• _Source data_
--- --- ---

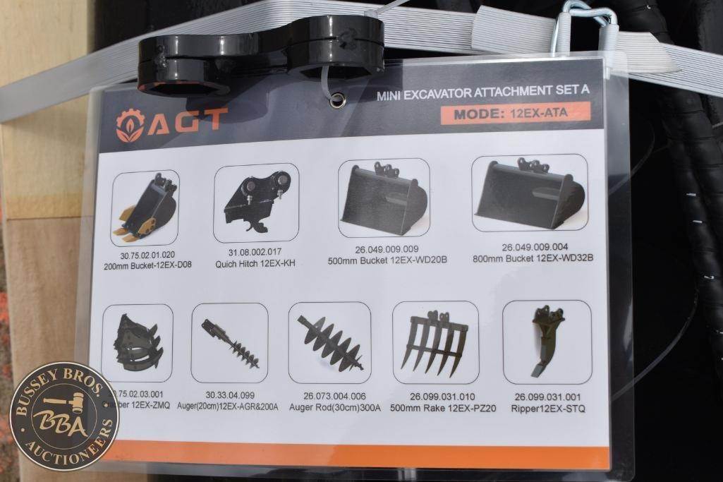 AGT Mini Skid Steer Attachment Set Mini Skid Steer Mount, quick coupler, ripper, rake, grapple, auger with rods, buckets, 12EX-ATA, SN#12EX-ATA26012201B, NEW/UNUSED
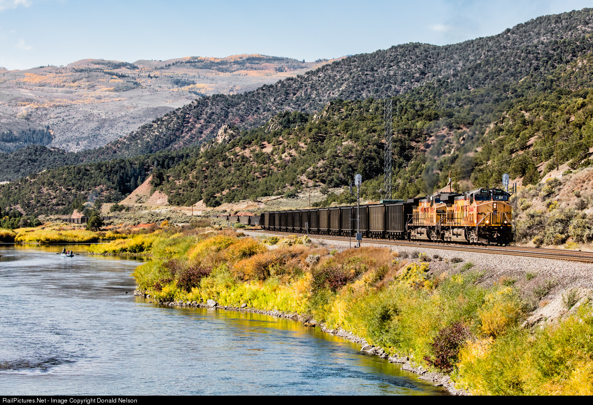 | UP 6641 and 7098 leave Yarmony after waiting for the passing of Amtrak westbound. Willows along the river are putting on a great show, with the Aspen on the mountain behind already past peak. Coal out of Phippsburg is getting scarce now on the Moffat - not like back in the 1970's and 1980's. |
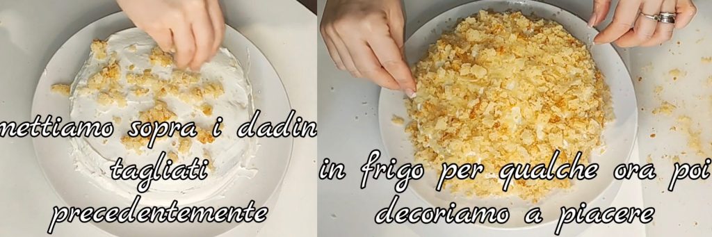 We plaatsen de eerder gesneden blokjes erop. Decoreren naar wens.
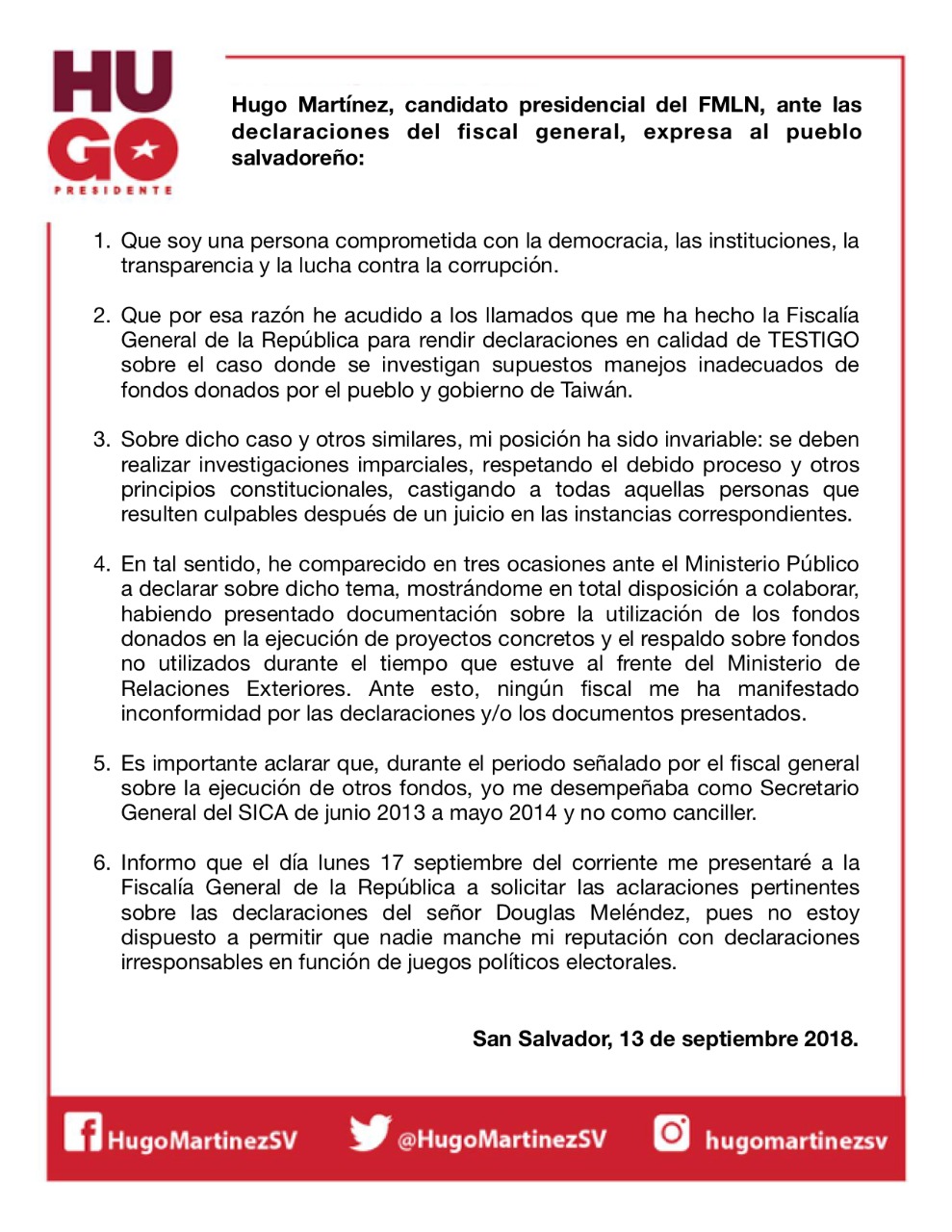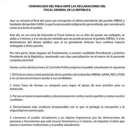 El partido FMLN emitió un comunicado en el cual señalan que las últimas declaraciones vertidas por el fiscal general de la República, Douglas Meléndez, donde se involucra al actual candidato del instituto político, Hugo Martínez, son "ataques sin fundamento (...) mostrando una clara parcialización en el marco de la presente campaña electoral".

--- --- ---

• _Your goal_
Would it be possible to copy the material exactly, excluding the images?

• _Expected output_
 AGT Mini Skid Steer Attachment Set Mini Skid Steer Mount, quick coupler, ripper, rake, grapple, auger with rods, buckets, 12EX-ATA, SN#12EX-ATA26012201B, NEW/UNUSED
 | UP 6641 and 7098 leave Yarmony after waiting for the passing of Amtrak westbound. Willows along the river are putting on a great show, with the Aspen on the mountain behind already past peak. Coal out of Phippsburg is getting scarce now on the Moffat - not like back in the 1970's and 1980's. |
 We plaatsen de eerder gesneden blokjes erop. Decoreren naar wens.
 El partido FMLN emitió un comunicado en el cual señalan que las últimas declaraciones vertidas por el fiscal general de la República, Douglas Meléndez, donde se involucra al actual candidato del instituto político, Hugo Martínez, son "ataques sin fundamento (...) mostrando una clara parcialización en el marco de la presente campaña electoral".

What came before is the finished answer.